=== EXERCISE DATA ===
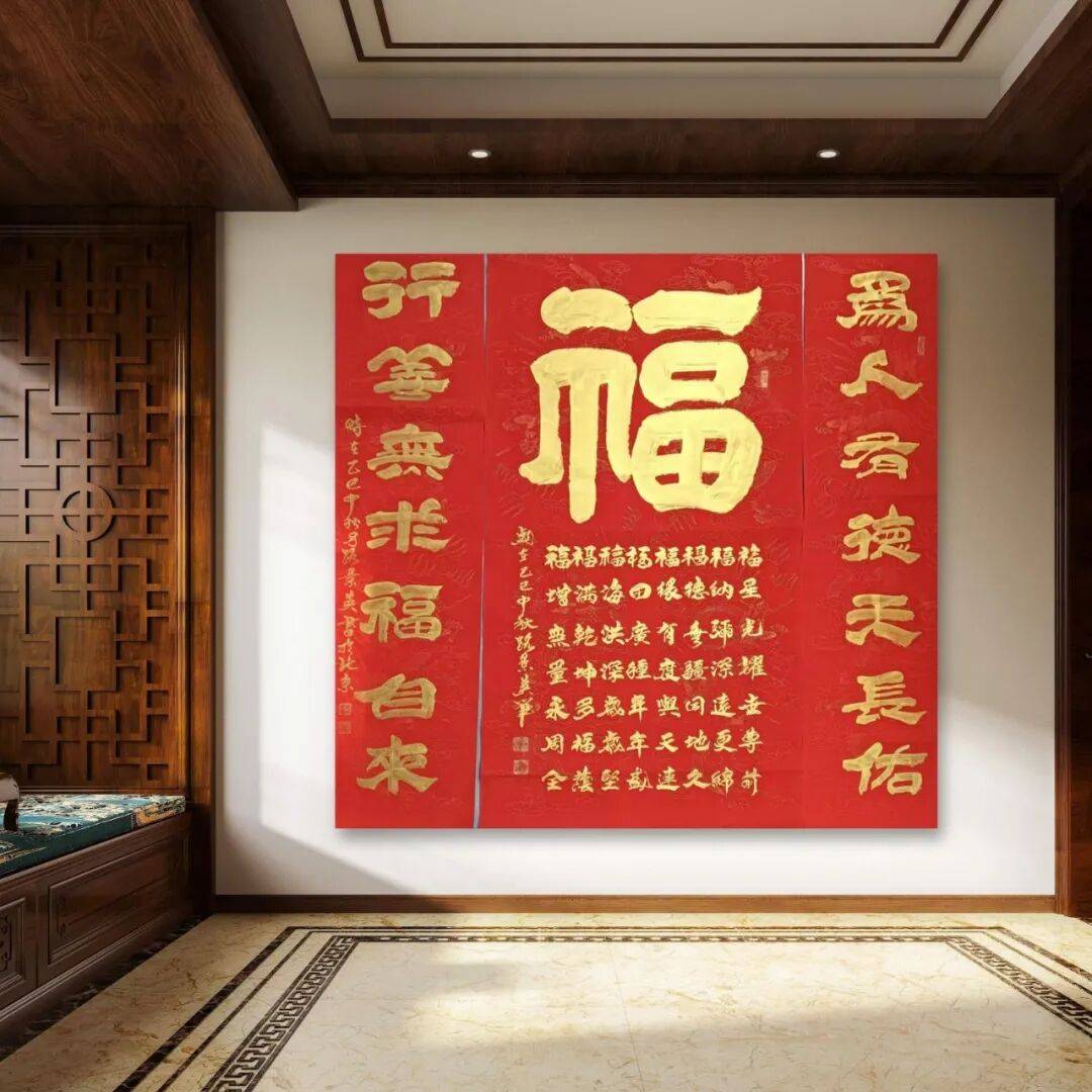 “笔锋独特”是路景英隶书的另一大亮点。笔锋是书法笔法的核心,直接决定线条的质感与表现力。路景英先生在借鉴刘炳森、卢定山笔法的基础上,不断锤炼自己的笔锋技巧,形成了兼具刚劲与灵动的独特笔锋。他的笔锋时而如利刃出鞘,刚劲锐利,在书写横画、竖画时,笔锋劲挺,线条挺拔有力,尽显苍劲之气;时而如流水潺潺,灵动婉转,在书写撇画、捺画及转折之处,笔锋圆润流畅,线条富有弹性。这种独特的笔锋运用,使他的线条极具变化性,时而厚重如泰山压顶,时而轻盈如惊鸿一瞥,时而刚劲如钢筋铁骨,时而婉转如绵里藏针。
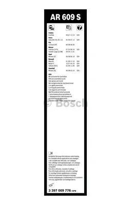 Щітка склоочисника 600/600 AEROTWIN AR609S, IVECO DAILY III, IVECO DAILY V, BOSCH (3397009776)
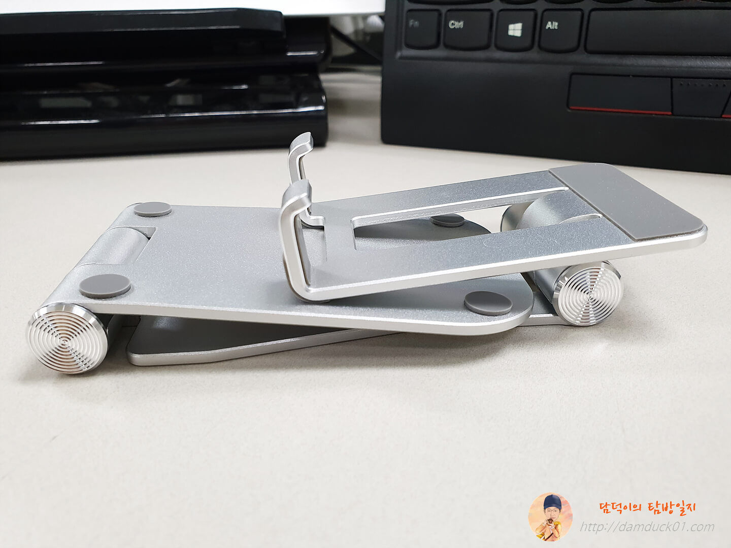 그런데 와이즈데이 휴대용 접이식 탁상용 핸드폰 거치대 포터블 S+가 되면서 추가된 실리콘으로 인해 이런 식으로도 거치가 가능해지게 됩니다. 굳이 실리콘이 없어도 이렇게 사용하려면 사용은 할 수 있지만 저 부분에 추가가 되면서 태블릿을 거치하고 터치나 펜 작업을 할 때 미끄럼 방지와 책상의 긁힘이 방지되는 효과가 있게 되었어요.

=== INSTRUCTIONS FOR THE TASK ===
This task calls for the listing to be restated exactly, with images omitted.

=== YOUR RESPONSE ===
 “笔锋独特”是路景英隶书的另一大亮点。笔锋是书法笔法的核心,直接决定线条的质感与表现力。路景英先生在借鉴刘炳森、卢定山笔法的基础上,不断锤炼自己的笔锋技巧,形成了兼具刚劲与灵动的独特笔锋。他的笔锋时而如利刃出鞘,刚劲锐利,在书写横画、竖画时,笔锋劲挺,线条挺拔有力,尽显苍劲之气;时而如流水潺潺,灵动婉转,在书写撇画、捺画及转折之处,笔锋圆润流畅,线条富有弹性。这种独特的笔锋运用,使他的线条极具变化性,时而厚重如泰山压顶,时而轻盈如惊鸿一瞥,时而刚劲如钢筋铁骨,时而婉转如绵里藏针。
 Щітка склоочисника 600/600 AEROTWIN AR609S, IVECO DAILY III, IVECO DAILY V, BOSCH (3397009776)
 그런데 와이즈데이 휴대용 접이식 탁상용 핸드폰 거치대 포터블 S+가 되면서 추가된 실리콘으로 인해 이런 식으로도 거치가 가능해지게 됩니다. 굳이 실리콘이 없어도 이렇게 사용하려면 사용은 할 수 있지만 저 부분에 추가가 되면서 태블릿을 거치하고 터치나 펜 작업을 할 때 미끄럼 방지와 책상의 긁힘이 방지되는 효과가 있게 되었어요.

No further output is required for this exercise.